11. Yes, I can wipe my own ass, no it’s not hard, no I’m not explaining how I do it, but I will say it doesn’t require any special implements, and isn’t any more complicated than how you wipe your ass.  
12. You can do most things with a little bit of time and patience, but it’s really handy to have someone around to help you out. Having a partner or roommate for some stuff is just really really helpful. However, I have managed to upholster furniture with these… so I’m pretty much good.
13.  Yeah, gymnastic activities that involve landing on your hands are out, so no handsprings, cartwheels and so on and so forth. Frankly this isn’t something that disrupts my life much because I can’t do cartwheels and am far, far too clumsy to even attempt a handspring.
14. They’re great for untangling hair. I spend ages using them to pick apart tiny knots without causing breakage.
15. I love disposable rubber gloves, but reusable dishwashing gloves don’t tend to live long with claws like these. Stuffing cotton balls into the fingertips and buying gloves a size too big helps a lot.
16. Speaking of which: winter gloves. You’re either going to need to size up, get them custom made, or buy fingerless ones.  Frankly, I prefer fingerless gloves anyway, as trying to do most things with gloves on drives me nuts and if I have to take them off I will lose them. But if that’s not your jam, buy your gloves a size larger to make room for the nails, or if you’re crafty you can cut slits in the fingertips to allow the nails to poke through.
18. I save my broken-off acrylics in a tin so that I can make them into a fun and upsetting statement necklace. My mother sewed my dried umbilical cord into a plush lizard she’d made, and so I think this is perfectly normal and not at all "Silence of The Lambs"-y.
20. Acrylics are flammable, so be careful around fire. Use long fireplace matches and long butane lighters to keep flames well away from your hands.
21. Tampon applicators are a handy invention for which I am very grateful, not because I’d hurt myself trying to insert one, but because I would probably break a nail.
22.  Acrylic nails are blunt. They won’t scratch like a real nail, meaning I can still put my hands in or near a vagina if I want to. I’ve had sex with other people with vaginas while I’ve had the nails (I’ve had them since long before I met my husband) and basically if you have them filed round they’re great for g-spotting.

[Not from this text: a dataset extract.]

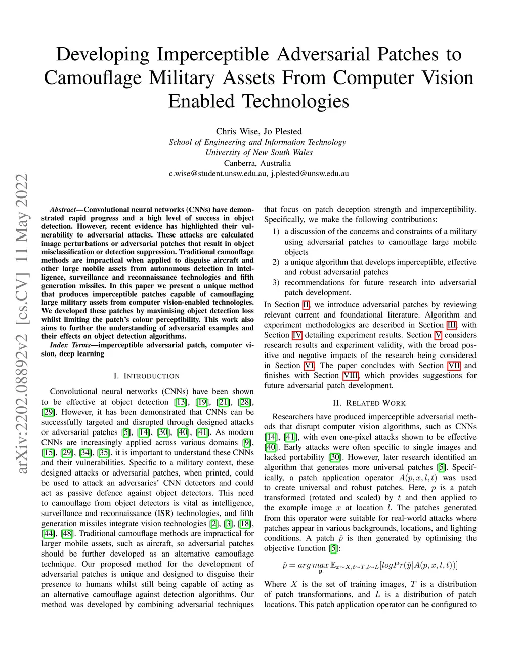 Convolutional neural networks (CNNs) have demonstrated rapid progress and a high level of success in object detection. However, recent evidence has highlighted their vulnerability to adversarial attacks. These attacks are calculated image perturbations or adversarial patches that result in object misclassification or detection suppression. Traditional camouflage methods are impractical when applied to disguise aircraft and other large mobile assets from autonomous detection in intelligence, surveillance and reconnaissance technologies and fifth generation missiles. In this paper we present a unique method that produces imperceptible patches capable of camouflaging large military assets from computer vision-enabled technologies. We developed these patches by maximising object detection loss whilst limiting the patch's colour perceptibility. This work also aims to further the understanding of adversarial examples and their effects on object detection algorithms.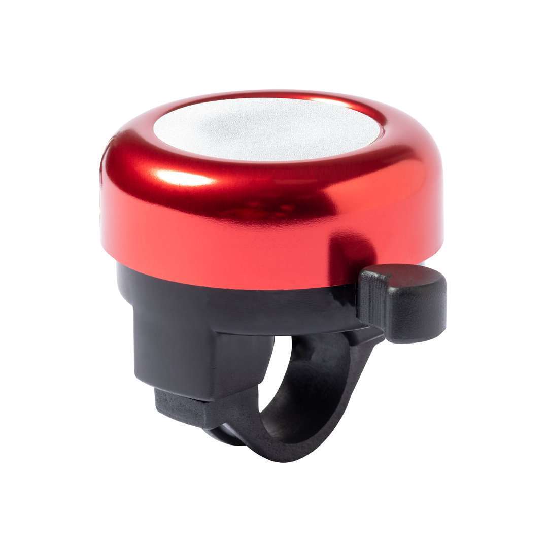 Timbre para bicicleta fabricado en resistente aluminio de acabado brillo. Con ajuste de seguridad para manillar y disponible en variada gama de colores.

One of my ex-girlfriends had very long natural nails and we managed just fine, so it’s not really as much of an issue as people think it is.
23. I can’t make a proper fist, but my purse is filled with change, and I carry pepper spray. (I would carry the 17-inch long bowie knife with a handle I’ve covered in glitter, making it a David Bowie knife, but state regulations don’t allow for concealed carry of knives of that length and I’m pretty sure no one wants me carrying it openly, which is a real shame as it’s really a very nice knife.)
24. The other great thing about the nails is I can use them to hold vegetables and so on in place while I’m cutting them up without being worried about cutting myself.
25.  Those pain in the ass pry-open makeup containers are a pain in the ass until you realize that you can use the back end of your tweezers to open them.  
So yeah, that’s how we do things in Talonville.